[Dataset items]

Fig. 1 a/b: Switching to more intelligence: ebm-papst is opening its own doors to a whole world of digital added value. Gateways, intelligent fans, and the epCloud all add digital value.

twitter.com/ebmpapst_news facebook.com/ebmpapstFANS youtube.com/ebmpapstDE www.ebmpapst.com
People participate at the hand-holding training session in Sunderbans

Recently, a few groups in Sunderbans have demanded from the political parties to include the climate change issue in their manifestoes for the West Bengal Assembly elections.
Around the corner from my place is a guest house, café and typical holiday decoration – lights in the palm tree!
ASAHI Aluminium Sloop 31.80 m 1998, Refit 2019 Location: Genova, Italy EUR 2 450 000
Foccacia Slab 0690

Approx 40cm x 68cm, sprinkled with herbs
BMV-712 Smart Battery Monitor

--

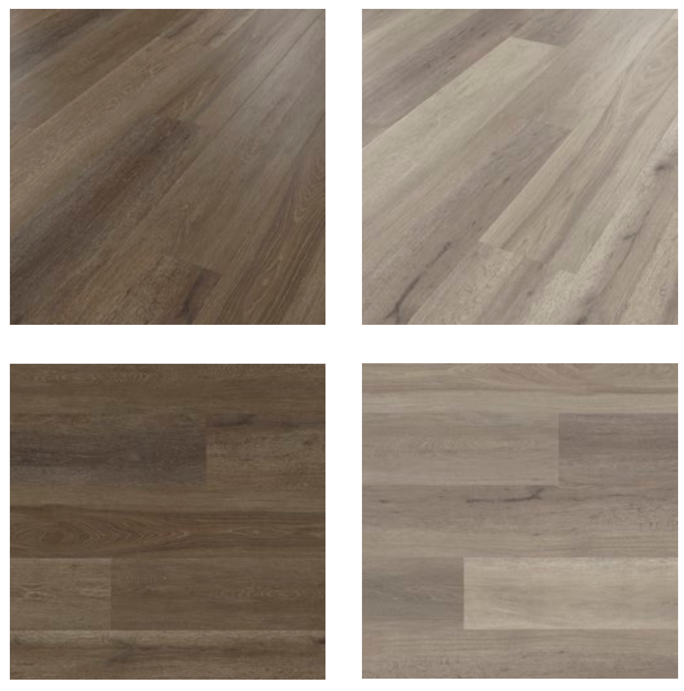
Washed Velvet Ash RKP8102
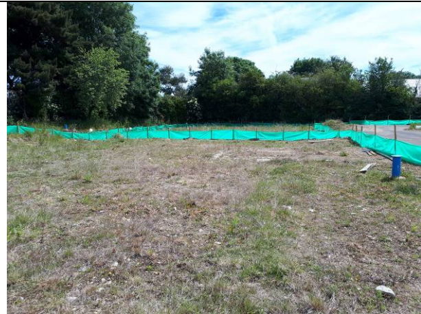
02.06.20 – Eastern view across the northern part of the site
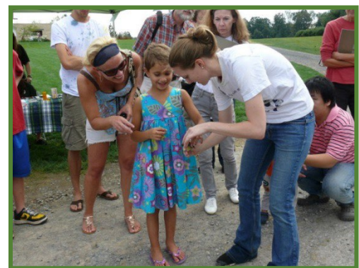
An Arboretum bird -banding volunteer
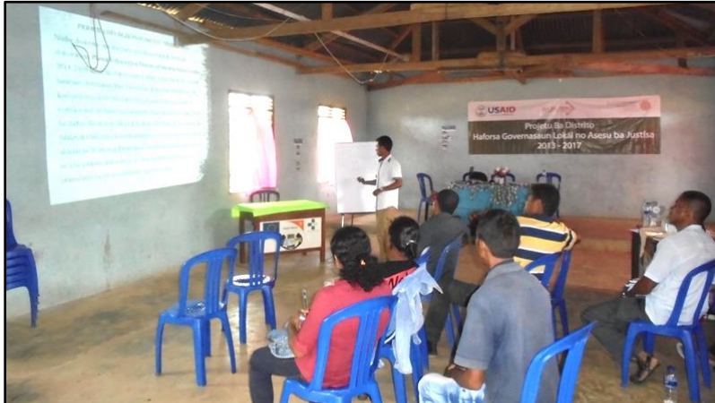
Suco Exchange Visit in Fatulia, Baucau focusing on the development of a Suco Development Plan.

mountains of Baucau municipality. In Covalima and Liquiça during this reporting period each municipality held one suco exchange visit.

◆ ACTIVITY ◆
Reproduce, exactly as they stand in the data above, the lines from the one that holds "Fig. 1 a/b: Switching" to the one that holds "Around the corner", inclusive.

◆ EXERCISE SOLUTION ◆
Fig. 1 a/b: Switching to more intelligence: ebm-papst is opening its own doors to a whole world of digital added value. Gateways, intelligent fans, and the epCloud all add digital value.

twitter.com/ebmpapst_news facebook.com/ebmpapstFANS youtube.com/ebmpapstDE www.ebmpapst.com
People participate at the hand-holding training session in Sunderbans

Recently, a few groups in Sunderbans have demanded from the political parties to include the climate change issue in their manifestoes for the West Bengal Assembly elections.
Around the corner from my place is a guest house, café and typical holiday decoration – lights in the palm tree!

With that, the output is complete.